Hikmah dan Pelajaran Dakwah
Dari kisah ini, kita bisa memetik beberapa pelajaran penting:
1. Dakwah Memerlukan Hikmah, Tidak Sekadar Dalil
Dalam situasi tertentu, memahami konteks sosial dan psikologis masyarakat jauh lebih penting daripada sekadar menegakkan hukum secara tekstual. Seorang dai harus tahu kapan menyampaikan, kapan menahan diri, dan kapan mencari celah agar dakwah bisa diterima.
2. Musyawarah adalah Jalan Kebaikan
Ustadz Hasan tidak bertindak sendiri. Ia mengajak tokoh masyarakat berdiskusi, menunjukkan bahwa dalam Islam, pemecahan masalah sosial sebaiknya dilakukan secara kolektif agar keputusan yang diambil membawa maslahat luas.
3. Jangan Menghakimi Masa Lalu Orang
Ibu tersebut pernah keluar dari Islam. Namun ia memiliki niat kembali. Tugas dai bukan menghakimi masa lalu seseorang, tetapi membimbingnya kembali ke jalan yang lurus. Dalam Islam, pintu taubat selalu terbuka.
4. Menjaga Akidah Tanpa Menyakiti Hati
Meski tidak menyalati jenazah non-Muslim, Ustadz Hasan tidak menyampaikan penolakan dengan cara kasar.

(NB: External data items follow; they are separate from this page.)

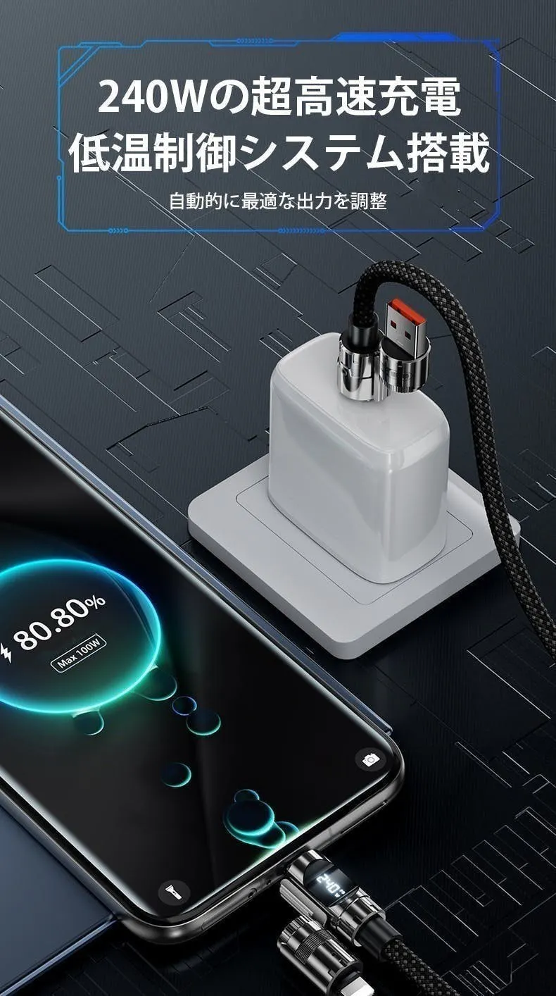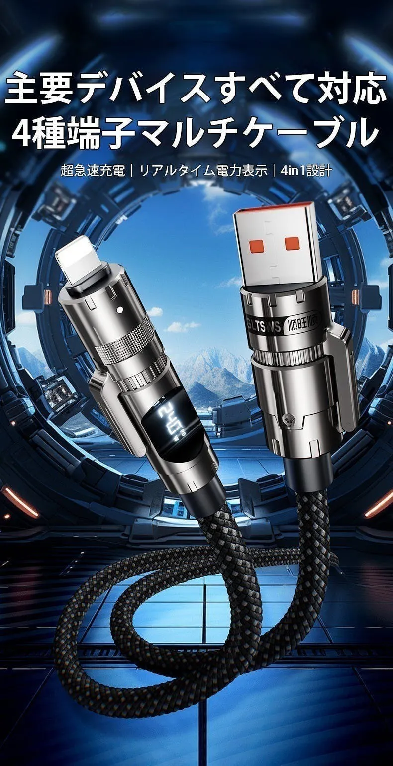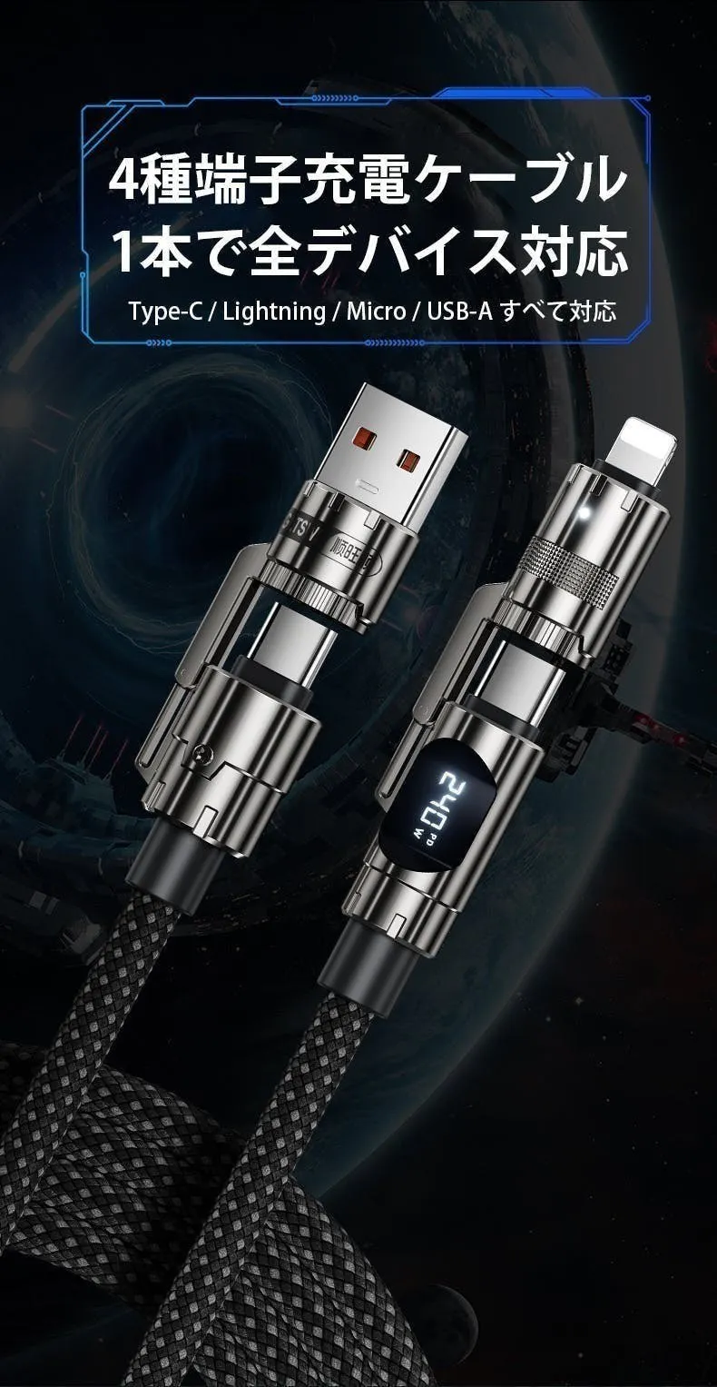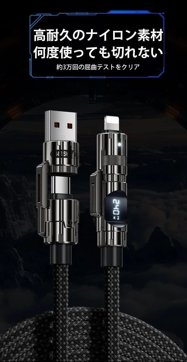本製品は4種類の端子を1本に集約しているため、スマホ・ノートPC・タブレット・ゲーム機まであらゆるデバイスをこれ1本で充電でき、複数のケーブルを持ち歩く手間から解放されます。
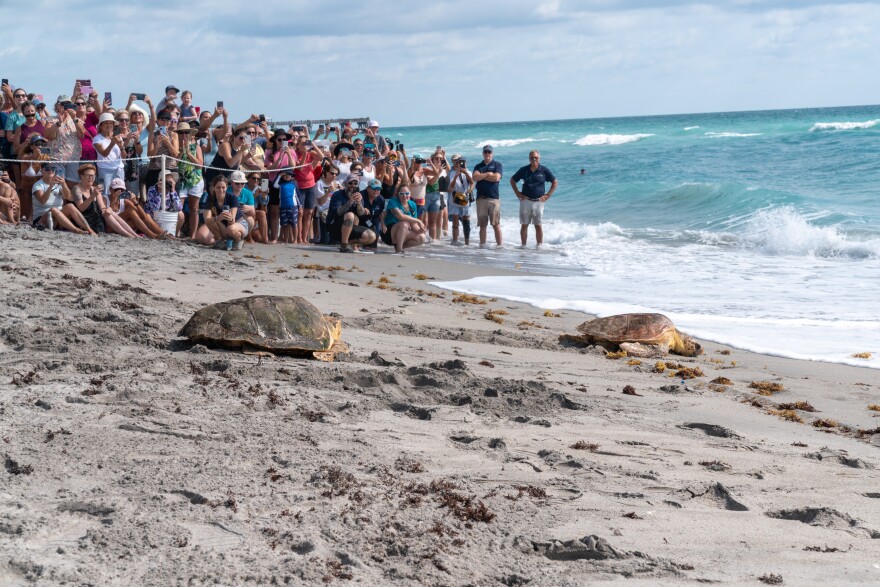 Source : www.fau.eduInjured loggerhead turtles crawl into the Atlantic after rehabbing
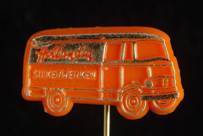 Oranje reclamespeld in vorm autobusje, waarop "Holla...
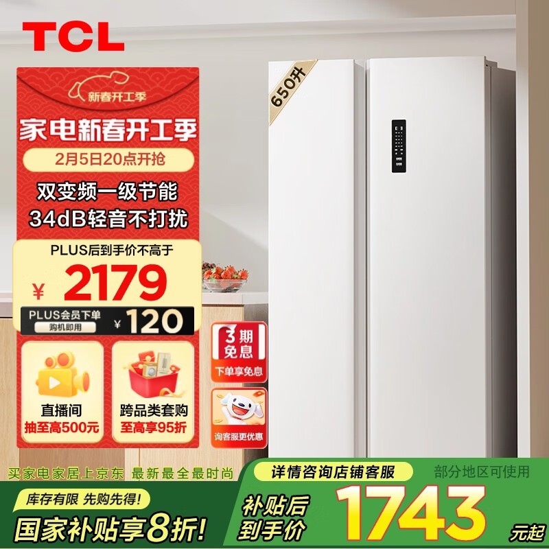 TCL T5系列风冷无霜冰箱仅1695元 采用一体双变频技术节能环保
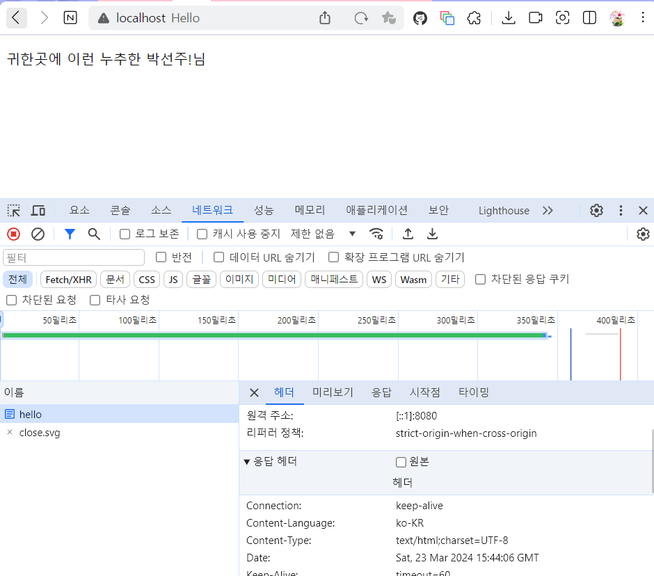 서버를 실행하고 localhost:8080/hello 경로로 요청하면 다음과 같이 컨트롤러에서 담아준 데이터를 포함한 html 페이지가 보이게 된다.

Ia tetap menjaga adab, memilih kata yang lembut, dan mencari solusi alternatif yang tetap dalam koridor syariat.
Dakwah Adalah Seni Menyentuh Hati
Kisah ini bukan semata tentang shalat jenazah, tetapi tentang kecerdasan emosional dan spiritual dalam menyampaikan dakwah. Banyak orang bisa menyampaikan ceramah, tapi tidak semua bisa menaklukkan hati. Itulah bedanya antara ilmu dan hikmah. Ilmu tanpa hikmah bisa menjadi keras. Tapi hikmah dengan ilmu akan membuahkan hidayah.
Semoga kita bisa meneladani semangat dan kebijaksanaan Ustadz Hasan, dan menjadikan kisah ini sebagai inspirasi dalam bermuamalah dengan masyarakat luas—terutama di tengah keberagaman agama dan budaya. Karena pada akhirnya, Islam datang bukan untuk menghukum, tetapi membawa rahmat bagi seluruh alam.